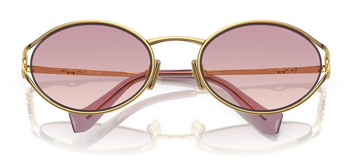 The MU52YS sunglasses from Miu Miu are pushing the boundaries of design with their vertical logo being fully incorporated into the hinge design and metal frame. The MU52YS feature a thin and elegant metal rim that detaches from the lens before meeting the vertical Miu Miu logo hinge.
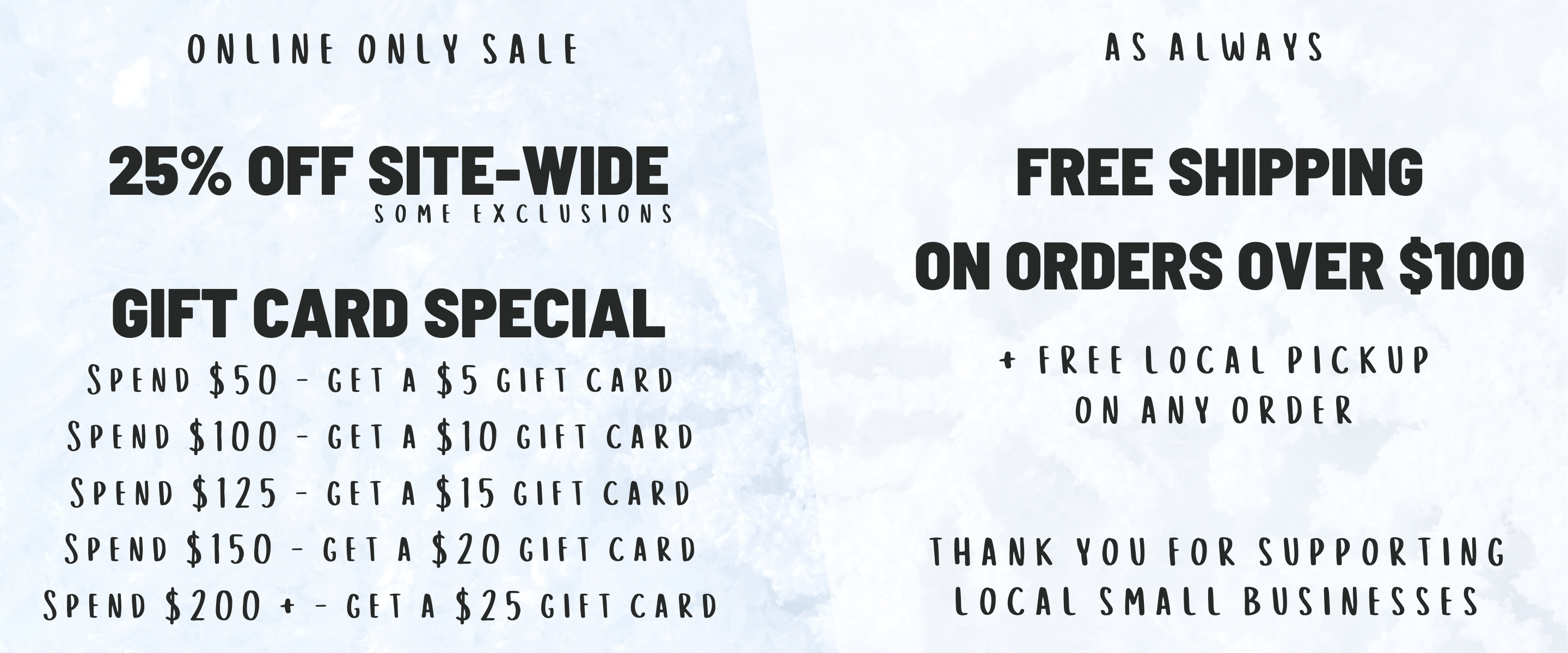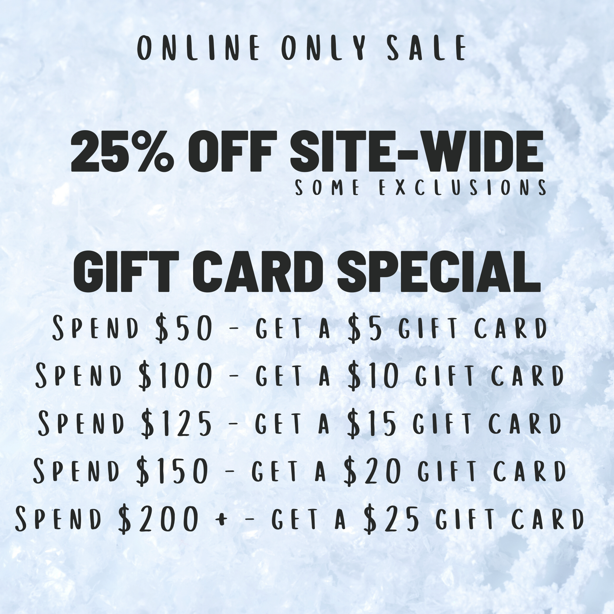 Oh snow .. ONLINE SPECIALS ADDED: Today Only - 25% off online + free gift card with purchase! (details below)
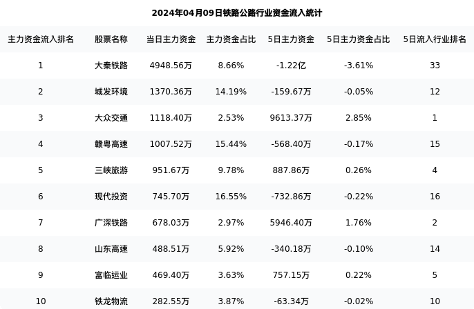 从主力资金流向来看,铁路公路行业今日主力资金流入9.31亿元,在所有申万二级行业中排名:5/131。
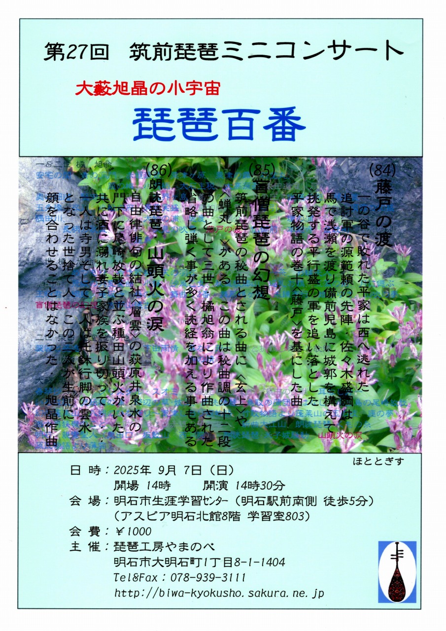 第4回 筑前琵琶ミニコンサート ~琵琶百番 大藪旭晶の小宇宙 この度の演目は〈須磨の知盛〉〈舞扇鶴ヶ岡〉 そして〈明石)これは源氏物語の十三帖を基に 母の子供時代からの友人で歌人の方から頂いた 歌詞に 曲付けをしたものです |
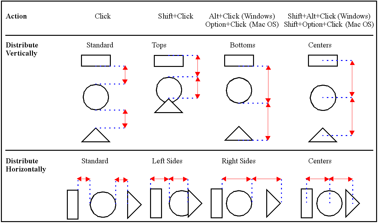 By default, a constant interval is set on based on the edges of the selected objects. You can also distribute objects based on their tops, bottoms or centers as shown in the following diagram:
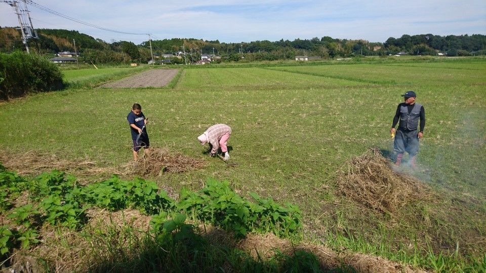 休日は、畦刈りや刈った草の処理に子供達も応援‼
--
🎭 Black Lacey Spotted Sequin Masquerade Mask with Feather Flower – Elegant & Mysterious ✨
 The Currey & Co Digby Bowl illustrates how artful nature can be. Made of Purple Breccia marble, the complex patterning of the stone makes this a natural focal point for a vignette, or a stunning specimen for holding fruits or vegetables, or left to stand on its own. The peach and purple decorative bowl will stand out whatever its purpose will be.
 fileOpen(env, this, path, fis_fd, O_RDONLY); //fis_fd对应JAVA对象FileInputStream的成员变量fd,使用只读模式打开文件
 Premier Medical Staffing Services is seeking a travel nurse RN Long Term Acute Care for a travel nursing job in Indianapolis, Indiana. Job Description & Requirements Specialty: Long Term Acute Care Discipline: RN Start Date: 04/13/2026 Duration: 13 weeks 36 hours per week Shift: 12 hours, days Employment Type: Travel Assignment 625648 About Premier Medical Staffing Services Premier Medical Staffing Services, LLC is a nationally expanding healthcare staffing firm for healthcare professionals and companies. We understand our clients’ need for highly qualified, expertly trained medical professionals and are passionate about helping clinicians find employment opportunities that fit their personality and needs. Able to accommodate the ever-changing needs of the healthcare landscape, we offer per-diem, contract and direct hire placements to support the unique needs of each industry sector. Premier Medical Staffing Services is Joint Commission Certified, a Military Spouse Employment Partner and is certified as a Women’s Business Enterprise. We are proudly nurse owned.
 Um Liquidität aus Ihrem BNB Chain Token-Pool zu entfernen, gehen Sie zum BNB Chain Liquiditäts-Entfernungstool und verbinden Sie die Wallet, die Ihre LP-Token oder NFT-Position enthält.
--
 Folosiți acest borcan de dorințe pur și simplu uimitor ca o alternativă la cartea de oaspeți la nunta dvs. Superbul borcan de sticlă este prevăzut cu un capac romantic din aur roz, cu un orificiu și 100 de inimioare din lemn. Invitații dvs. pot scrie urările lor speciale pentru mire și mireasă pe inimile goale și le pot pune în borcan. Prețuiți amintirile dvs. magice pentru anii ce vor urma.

Task details.
After locating the line containing "Oh snow .. ONLINE" in the entries above, return it and every line after it exactly, ending at the line containing "休日は、畦刈りや刈った草の処理に子供達も応援‼", without pictures.

Task output.
 Oh snow .. ONLINE SPECIALS ADDED: Today Only - 25% off online + free gift card with purchase! (details below)
 从主力资金流向来看,铁路公路行业今日主力资金流入9.31亿元,在所有申万二级行业中排名:5/131。
 第4回 筑前琵琶ミニコンサート ~琵琶百番 大藪旭晶の小宇宙 この度の演目は〈須磨の知盛〉〈舞扇鶴ヶ岡〉 そして〈明石)これは源氏物語の十三帖を基に 母の子供時代からの友人で歌人の方から頂いた 歌詞に 曲付けをしたものです |
 By default, a constant interval is set on based on the edges of the selected objects. You can also distribute objects based on their tops, bottoms or centers as shown in the following diagram:
 休日は、畦刈りや刈った草の処理に子供達も応援‼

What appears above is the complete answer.